# Fano(ZZ,EmbeddedProjectiveVariety) -- Fano scheme of a projective variety

## Synopsis

• Function: Fano
• Usage:
Fano(k,X)
Fano(k,X,AffineChartGrass=>...)
Fano X
Fano(X,AffineChartGrass=>...)
• Inputs:
• k, an integer, optional with default value equal to $\mathrm{dim}(X)$
• Outputs:
• , the subvariety of the Grassmannian $\mathbb{G}(k,\mathrm{ambient}(X))$ that parametrizes the $k$-planes lying on $X$

## Description

This function is based internally on the function plucker, provided by the package Resultants. In particular, note that by default the computation is done on a randomly chosen affine chart on the Grassmannian. To change this behavior, you can use the AffineChartGrass option.

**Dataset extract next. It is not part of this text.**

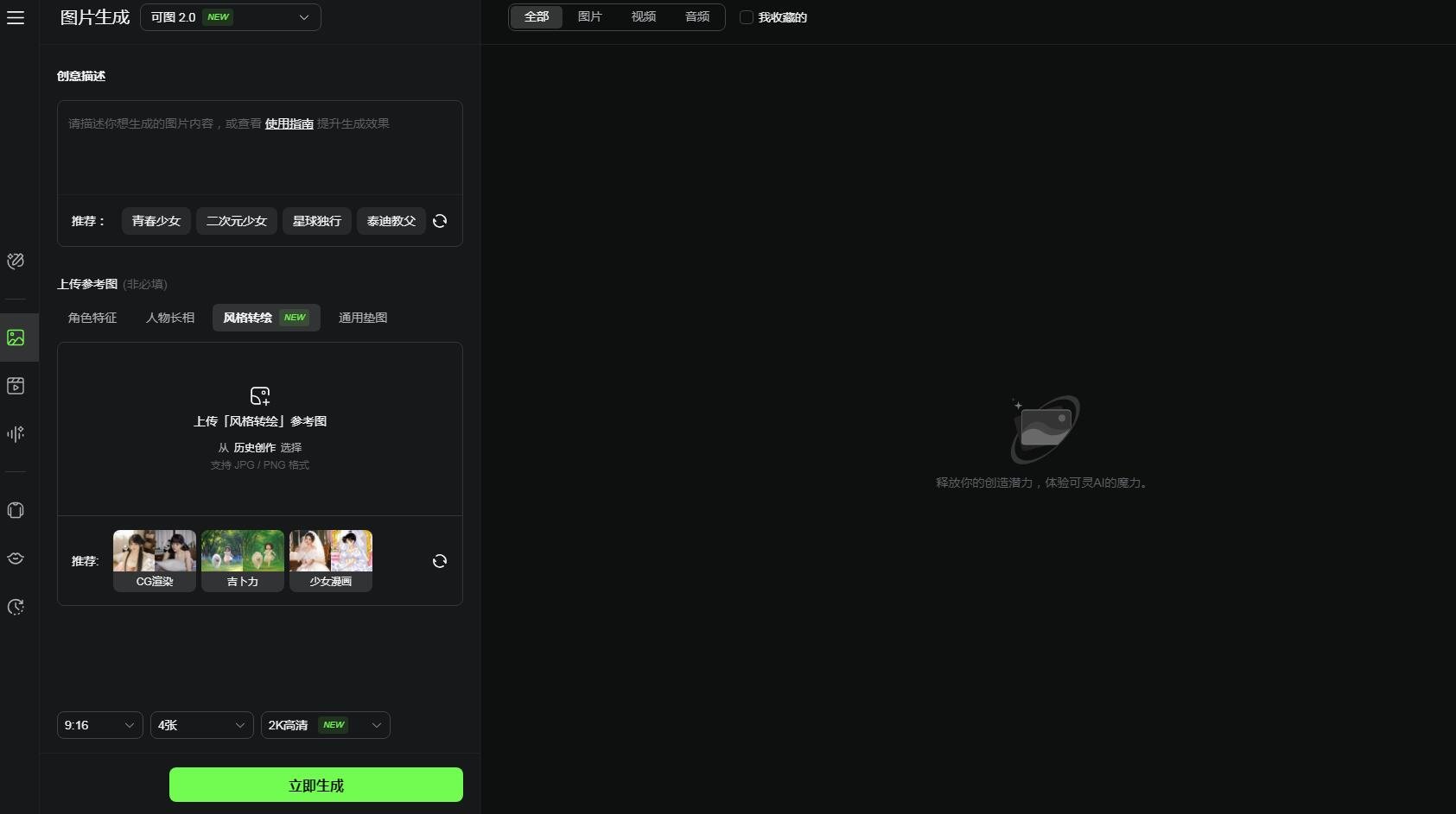 此工具,除了满足我们想要生成商品图的需求,更拥有强大的文生图技术,以及创作功能。还有超强的文字情感捕捉能力,以及语言的洞察能力。只需输入自己要求的图片内容,就可生成高品质的。

 i1 : K = ZZ/33331; i2 : L = linearSpan {point PP_K^4,point PP_K^4}; -- a line in P^4 o2 : ProjectiveVariety, curve in PP^4 i3 : p := Fano L o3 = point of coordinates [12627, 14941, 11188, -4847, 15437, 16492, 13501, 8759, 6817, 1] o3 : ProjectiveVariety, a point in PP^9 (subvariety of codimension 6 in GG(1,4) ⊂ PP^9) i4 : Fano p o4 = curve in PP^4 cut out by 3 hypersurfaces of degree 1 o4 : ProjectiveVariety, curve in PP^4 i5 : assert(Fano p == L)

If the input is a subvariety $Y\subset\mathbb{G}(k,\mathbb{P}^n)$, then the output is the variety $W\subset\mathbb{P}^n$ swept out by the linear spaces corresponding to points of $Y$. As an example, we now compute a surface scroll $W\subset\mathbb{P}^4$ over an elliptic curve $Y\subset\mathbb{G}(1,\mathbb{P}^4)$.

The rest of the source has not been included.